Джим умер в тюрьме двадцать второго октября, сообщала мать. Сделал из одеяла веревку, привязал за верхнюю койку и повесился. Насколько было известно матери, он не оставил никаких объяснений, извинений или прощальных записок, адресованных родителям, Ребекке или кому-либо другому. Она решила известить Ребекку, поскольку знала, что та беспокоится за Джима и растит дитя, отцом которого считает его. Теперь Ребекке нечего больше ждать известий от Джима. В заключение миссис Косгрейв писала, что обстоятельства смерти Джима — судя по всему, не сама смерть, а именно ее обстоятельства — явились тяжелым потрясением для отца и еще больше усугубили его болезнь. Подпись: Грейс У. Косгрейв.
Мартин Бек сложил листок и сунул его обратно в конверт.

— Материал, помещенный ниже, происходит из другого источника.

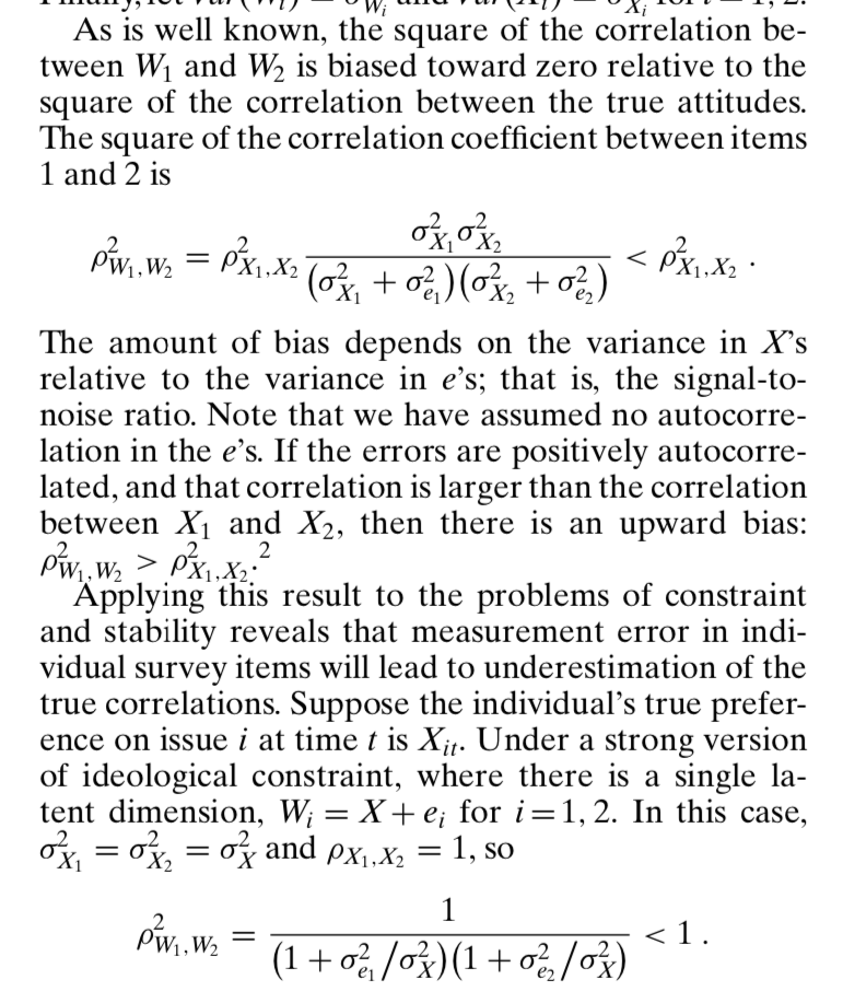 Ansolabehere et al. pick up a critique made by Achen (1975) and others that the lack of constraint is primarily caused my measurement error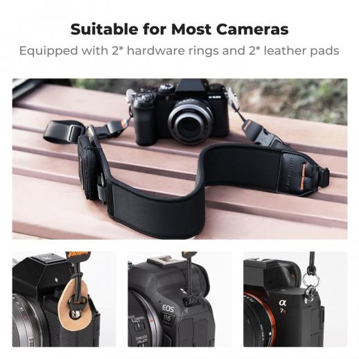 - * 【Cavo Dyneema Triple-Weave durevole】Compatibile con la maggior parte delle fotocamere, include una funzione di avviso di sicurezza. Viene fornito con un paio di adesivi in pelle antigraffio e anelli metallici omaggio per adattarsi a una gamma più ampia di fotocamere.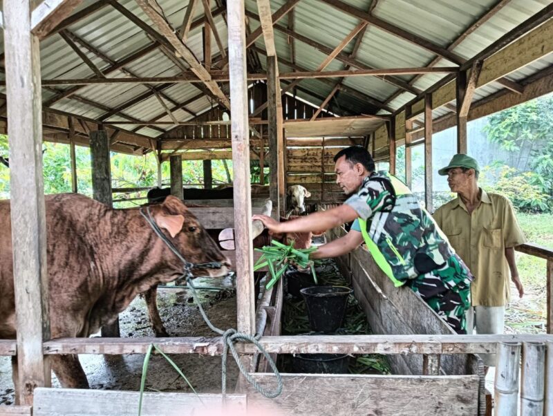 Kutacane Agaranews.com – Babinsa Koramil 0108-04/Babussalam Serma Dedi Arianto jajaran Kodim 0108/Agara membantu warga memberi pakan ternak sapi milik bapak Kasim di desa perapat Hilir Kecamatan. Babussalam. kabupaten Aceh Tenggara, Senin (27/10/2025).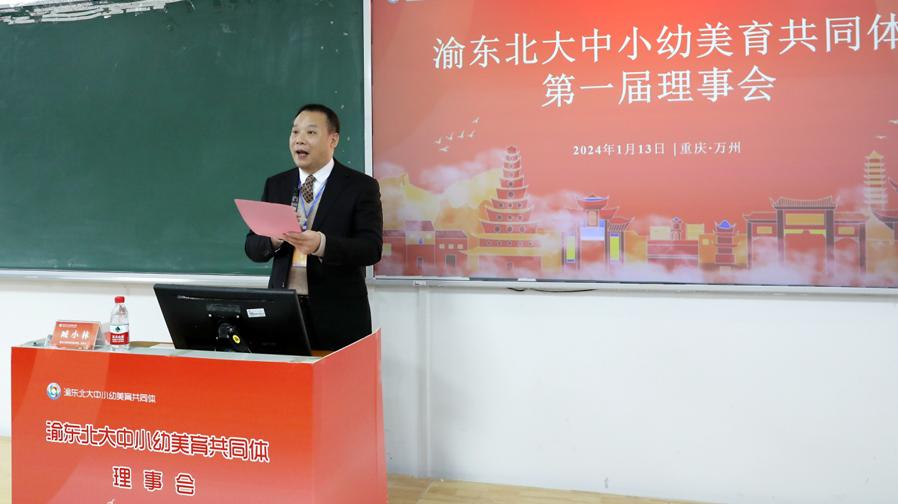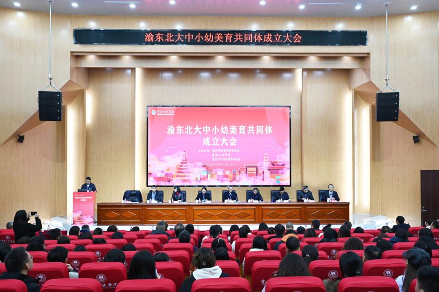 日前,由重庆市教育科学研究院、beat365英国官方网站、万州区教委主办的渝东北大中小幼美育共同体成立大会在beat365英国官方网站百安校区多功能厅举行。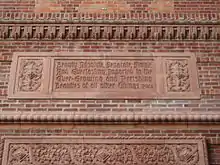 The buildings contains three prominent quotations on its main, west-facing facade. Above the door, there is a quotation from Proverbs, near the south end of the facade there is a passage from Plato, and on the north part a quotation from Lao Tzu.[6]

Дата отправления на штемпеле — одиннадцатое ноября.
— Когда ты его получила? — спросил он.
— Вчера утром, — ответила Ребекка. — У нее был только адрес моих друзей, у которых я жила летом, так что оно пролежало у них несколько дней, прежде чем они нашли меня.
— Не очень-то ласковое письмо.
— Да уж.
Ребекка молча смотрела на лежавший на столе конверт.
— Не думала я, что мать Джима такая, — продолжала она. — Такая бессердечная. Джим часто вспоминал родителей, и мне казалось, что он их очень любит. Но, может быть, он больше любил отца. — Она снова пожала плечами и добавила: — Вообще-то не все родители любят своих детей.
Мартин Бек понимал, что она намекает на собственных родителей, но часть укора принял на свой счет. У него самого не ладились отношения с сыном, Рольфом, которому шел двадцатый год. Лишь после развода, а вернее, уже после знакомства с Реей, которая научила его не бояться быть честным не только с другими, но и с собой, он решился признаться себе, что просто не любит Рольфа. Глядя теперь на суровое, ожесточенное лицо Ребекки, он спрашивал себя, как отражается на душе парня отсутствие отцовской любви.
Мартин Бек прогнал мысли о Рольфе и спросил Ребекку:
— Значит, ты тогда и решилась? Когда письмо получила? Она помешкала с ответом. Мартин Бек чувствовал, что ее тормозит скорее стремление к искренности, чем неуверенность. Он уже составил себе определенное впечатление о Ребекке.
— Да, — произнесла она наконец. — Тогда и решилась.
— Откуда ты взяла револьвер?
— Он у меня давно. Я его получила года два назад, когда умерла мамина тетя. Она любила меня, в детстве я часто у нее бывала, и, когда она умерла, мне по наследству достались разные вещи, которыми я играла у нее. В том числе и этот револьвер. Но я не вспоминала о нем до вчерашнего дня и даже не знала, что у меня есть к нему патроны. Я столько переезжала, и он все время лежал в чемодане.
— Тебе приходилось стрелять из него раньше?
— Нет, никогда. Я даже не была уверена, что он в исправности. Он, наверно, очень старинный.
— Старинный, — подтвердил Мартин Бек. — Ему не меньше восьмидесяти лет.
Мартин Бек не увлекался оружием и знал о нем только самое необходимое. Будь здесь Колльберг, он мог бы рассказать, что револьвер — фирмы «Харрингтон энд Ричардсон», тридцать второго калибра, образца 1885 года. Патрон «Ремингтон», 1905 года, свинцовая пуля без оболочки, латунная гильза с малым вышибным зарядом.
— Как же ты ухитрилась так спрятаться, что тебя не обнаружили? Ведь полиция оцепила весь остров и проверяла каждого, кто туда шел.